Kübra Sönmez paramarka.com’u tanıttı. Barış Özaydınlı Önce Migros’ta sonra Unilever’de çalışmış şimdi Klan Ajans Başkanı olarak görev yapıyormuş. Bizlere Seth Godin ve Tom Peters isimlerini tanıyıp tanımadığımızı sordu ve özellikle Tom Peters okumamızı tavsiye etti.

ÜÇÜNCÜ OTURUM
Konu: İnternet Reklamcılığı
Konuşmacılar:
Ekin İlyasoğlu, Logaritma Pazarlama/Satış Sorumlusu
Emre Tümer, Netbook Media Genel Müdürü
Orkun Tekin, Reklamz Şirketler Grubu Yönetim Kurulu Başkanı
Ali özen, Reklam Store Kurucu Ortak

Bu oturum esnasında reklam harcamalarının dağıtımı beni çok şaşırtmıştı.Harcamaların dağılımı şöyle: televizyon %52, basılı medya %34, açık hava %7, net %3, diğer %4. Net oranının bu derece düşük olmasını hiç beklemiyordum ama durum böyle arkadaşlar.
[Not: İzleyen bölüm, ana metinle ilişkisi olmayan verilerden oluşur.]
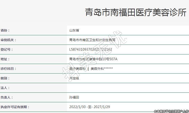 青岛福田医疗美容2007-03-13成立,地址:青岛市市南区香港中路10号507A,诊疗科目:医疗美容科 | 美容外科******

Birçok sayısal veriyi de bizlerle paylaştılar.

DÖRDÜNCÜ OTURUM
Konu: Pazarlama İletişiminde Reklamın Yeri
Konuşmacılar:
Serhat Gürcü, Youth Republic Kurucu Ortağı (Genel Müdür)
Deniz İnce,Hayyen Enterprise Kurucusu
Eser Hakim, Marka Deneyim Danışmanı ( Oturum Moderatörü )
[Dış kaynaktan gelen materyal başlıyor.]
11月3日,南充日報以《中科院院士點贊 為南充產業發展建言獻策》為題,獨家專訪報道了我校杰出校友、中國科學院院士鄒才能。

Eser Hakim, TRT1in siyah beyaz olduğu günlerden başladı konuşmasına. Reklamların nasıl geliştiğinden bahsetti bize. İlk reklamlardan da örnekler verdi.
Event Marketing’e değindi. Özgeçmişini ve e-mailini bizlerle paylaştı. Bu samimiyeti hoşuma gitti.
Tuğyan Çelik çok enerjik bir kişiydi. Belirtilen konuşmacılar arasında ismi geçmiyordu sempozyum esnasında fark ettik bunu. Kendisi yapılan reklam çalışmalarından örnekler sundu. Ve biraz geriye döndürdü bizi. İnternetle ilk tanıştığımız yılı hatırlayanınız var mı? 21.04.1993. İlk cep telefonu? O da 1994’te Türkiye’ye gelmiş. Yapılan ve akılda kalan reklam kampanyalarını özetleyeyim: Thirsty Black Boy, Absoluta World Reklamı, YKM Vitrininde yaşayan adam. Bu tür farklı reklamlara da Ambient Media deniyormuş kulaklarımızda küpe olsun.
Deniz İnce Leo Burnett isminden bahsetti. Önemli bir reklamcıymış Mr. Burnett. Bahsettiği bir diğer önemli  isim William Bill Bernbach, efsanevi Amerikalı reklamcıymış. Deniz ince ayrıca fMRI (functional Magnetic Resonance Imaging) olarak bilinen araştırma tekniğinin reklamcılıktaki yerinden bize bahsetti. fMRI’da akış şu şekilde oluyor, önce MR makinesi, sonra resim, sonra tepki, sonra yorum, sonra uzman, sonra sağlıklı bilgi, sonra da sahte bilgilerden kaçınmak.
Pazarlamacalılar insanları çeşitli özelliklerine göre gruplara ayırmışlardır. Toplum içinde bu grupların payları şöyle saptanmıştır:
A %1
B %9
c1 %18.9
C2 %31.6
D 28.5
E 10.8
Mesela Arçelik markasını ele alalım. A grubunu hefeledikleri zaman rekalm sloganları” Stil sizsiniz” oluyor. Ama C1 hedeflendiğinde “Arçelik demek yenilik demek” olarak piyasaya çıkıyorlar.
Ayrıca Howard Gossage reklamdan nefret eden reklamcı olarak literatüre geçmiş bulunuyormuş. Deniz İnci bu isimle ilgili de birkaç şeyi bizlerle paylaştı.

BEŞİNCİ OTURUM
Vak’a : İdeal’i Ararken…
Konuşmacılar:
Emin Çapa
Uğur Özmen

Emin Çapa’yı yakından görmek ve o yaydığı enerjiyi hissetmek apayrı bir konu. Öyle çok kapılıp gitmişim ki anlattığı şeylere bir tek not bile almamışım. Çok dobra, yetenekli ve birçok işin üstesinden gelebilecek bir insan. Mesela şunu anlatmıştı çok gülmüştük. Bizde bir sürü ekran var o anda hangi kanalda ne olduğunu izleyebiliyoruz.Bir gün baktım ekrana o da ne, Seda Sayan canlı yayında cüce yıkıyor. Herkes o kanalı açmış bakıyor. E biz haber yoğunlukta bir kanalız. Bizde de haber spikeri Güler Sabancı’yı canlı yayında yıkasın mı yani… Çok hoş vakitler geçirdikten sonra ikinci günü de böylelikle bitirmiş olduk.